Hacker News new | ask | show | jobs
by david-gpu 824 days ago
> I must be in a niche where we're consistently crushing cublas, cusolver and cudnn, sometimes cutlass with internship-level competency

Congratulations, it sounds fascinating. Looking forward to seeing your contributions to pyTorch.

1 comments

I don't think I'm saying anything revolutionary or derogatory when I say that e.g. linear algebra with big batches of small complex-valued matrices, or thin/very-tall matrix multiplication, or 1D-complex convolutions with large filters are not in the main path of the NVIDIA engineers (I did say 'niche').

Some things are not heavily optimized by NVIDIA, it's fine, and a good thing too that they can focus their effort on what's useful to the overall community.

What I'm saying is that very often writing by hand a naive kernel, optimized by a non expert for some months, can reach better performance than library code that isn't optimized for niche use cases. Which is a testament to how easy to get good or OK (not optimal) performance...
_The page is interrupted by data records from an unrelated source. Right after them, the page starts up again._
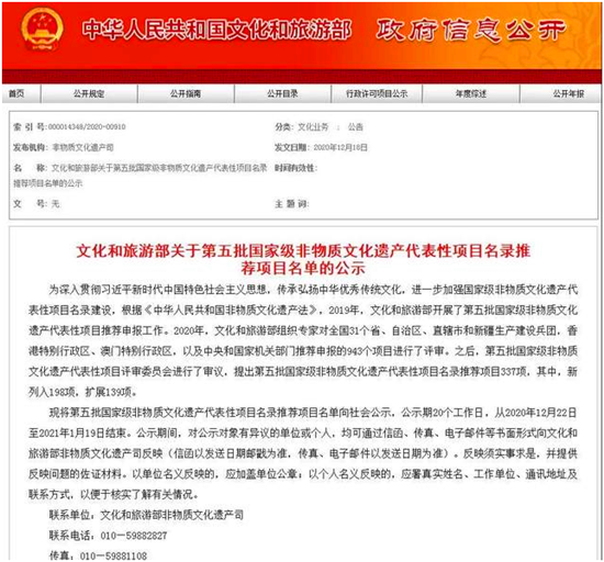 據(jù)了解,2019年,文化和旅游部開展了第五批國家級非物質(zhì)文化遺產(chǎn)代表性項目推薦申報工作。2020年,文化和旅游部組織專家對全國31個省、自治區(qū)、直轄市和新疆生產(chǎn)建設(shè)兵團(tuán),香港特別行政區(qū)、澳門特別行政區(qū),以及中央和國家機(jī)關(guān)部門推薦申報的943個項目進(jìn)行了評審。之后,第五批國家級非物質(zhì)文化遺產(chǎn)代表性項目評審委員會進(jìn)行了審議,提出第五批國家級非物質(zhì)文化遺產(chǎn)代表性項目名錄推薦項目337項,其中,新列入198項,擴(kuò)展139項。
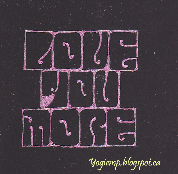 Day 1 size: 3"sq On black Recollections cardstock using a pink Metallic Juice Up pen "Love You More"
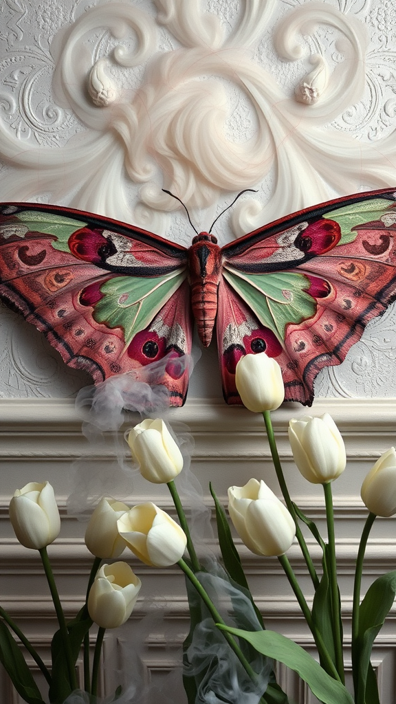 Polyphemus moth, wings unfurled revealing intricate baroque patterns, vivid raspberry and sage hues, reminiscent of Caravaggio, ethereal and hauntingly captivating, minimalist elegance, blooming white tulips, swirling liquid smoke forming fractals, textured plaster backdrop with classic wainscoting, evoking Loretta Lux, essence of opulent decay.
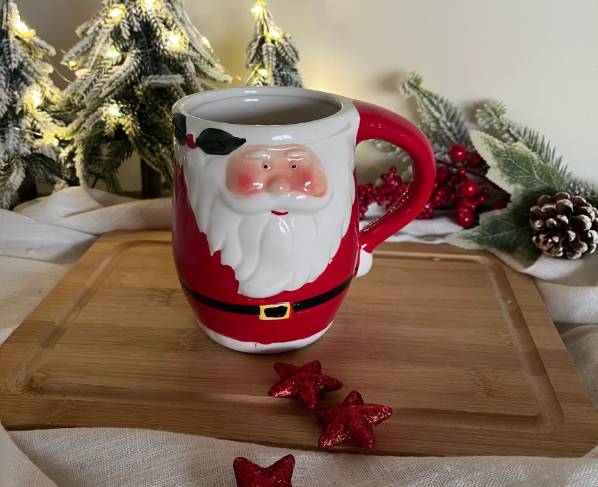 The Christmas Santa Mug, shaped like Santa Claus, is a festive way to enjoy hot cocoa, tea, or coffee during the holiday season. Its playful design adds cheer to your kitchen or holiday table, making it perfect for gifting or daily use. Bring seasonal joy to every sip with this charming mug.

I don't know about pyTorch (I was talking about niche use cases?) but TensorRT allows custom kernels and it's worth to use them and plonk a house-implemented kernel if you know what's your bottleneck and no-one has bothered writing a less-generic version yet... again, intern-level competency (not senior CUDA optimizer).

Sorry, I thought this article/thread was all about pyTorch/AI and NVidia's moat in this area vs AMD and other competitors, so my comments are written in that specific context.

If I have lost track of the conversation, please accept my apologies.

Heh, I might have veered off topic too... working at NVIDIA... having serious nerd envy here ;-)